Daesh may have been defeated in Mosul, but Iraq is now struggling through its worst economic crisis in years, deepened by last year's collapse of oil prices and the coronavirus pandemic.

 

The dinar currency has been devalued by 25 per cent.

 

"I bought my home well before the war at 60 million Iraqi dinars," around $50,000 at the time, Gergis told AFP. "It's not even worth a quarter of that now.
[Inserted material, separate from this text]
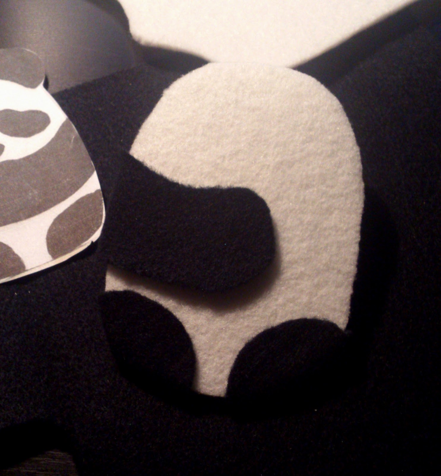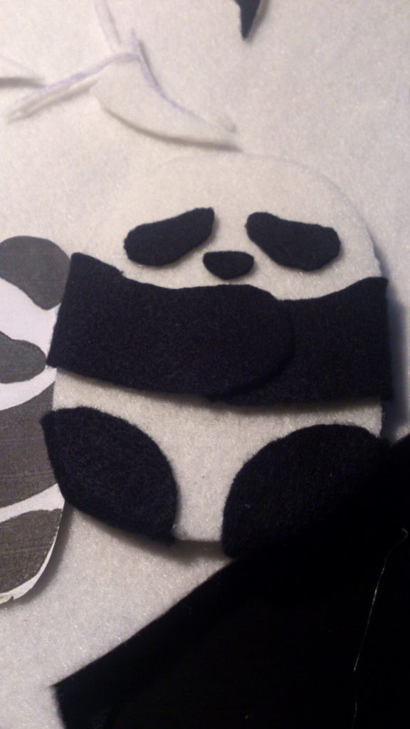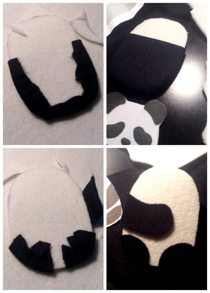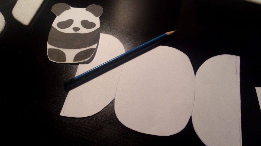 Panda miałaby wtedy szycie na plecach i na dole. Jednak później mnie olśniło, że przecież muszę przykleić łapki co wymagałoby wycinania dziur na bokach = trochę bez sensu 🙂

It's the same for all the houses of the Old City."

 

Mosul real estate agent Maher al-Naqib said property prices have collapsed across a devastated city which has seen little government help.

 

"The state has not paid for the damage, public services have not been restored, government buildings haven't reopened and bridges have not been rebuilt," he said.

 

According to local authorities, Mosul has sent 90,000 requests for compensation to the central government, including 40,000 for the loss of a loved one and 50,000 for destroyed property.

 

But with dwindling state resources, Baghdad has compensated just 2,500 families.

 

As a result, Naqib said, the once expensive Old City has seen property prices "drop dramatically".

 

Flight to new suburbs 

 

Many have turned their backs on Mosul's once beloved centre.

 

Naqib said its original residents have been flocking to his offices to enquire about buying land in the suburbs, which is cheaper and now features better services.

 

On Mosul's outer edges, farmlands are being gradually replaced by residential complexes with neatly paved roads, reliable electricity and clean water.

 

The new suburbs with names like Zayyuna, Fellah-2 and Jamiyati promise the normalcy and basic services that many Mosul residents have missed for most of the past decade.

 

Yunes Hassun, a 56-year-old real estate developer from Mosul, said these new suburbs are the city's future.

 

"These massive building complexes are easier to register with authorities than the old cadastral lots, where the bureaucratic process scares people," he said.

 

It's also cheaper, he said, with land selling at the equivalent of $75 to $200 per square metre.

 

Uday Hamid, 42, bought a piece of land just over a year ago and recently finished building his home.

 

"I was able to buy 200 square metres for around 20 million dinars, while the same money would have bought me half that size in Mosul's city centre," he told AFP.

 

The father of five said sales are booming in the area.

 

Turning farmland into residential property usually requires a long bureaucratic process under Iraqi zoning laws.

 

But with Mosul's city-wide reconstruction unlikely, compensation apparently far-off and nearly 1.2 million people still displaced across Iraq, few are paying attention to such regulations -- and authorities are struggling to keep up.

 

Mosul's mayor Zuhayr al-Araji, asked about the flourishing suburbs, said the city was preparing a proper urban development plan.

 

"It's still being studied," he told AFP.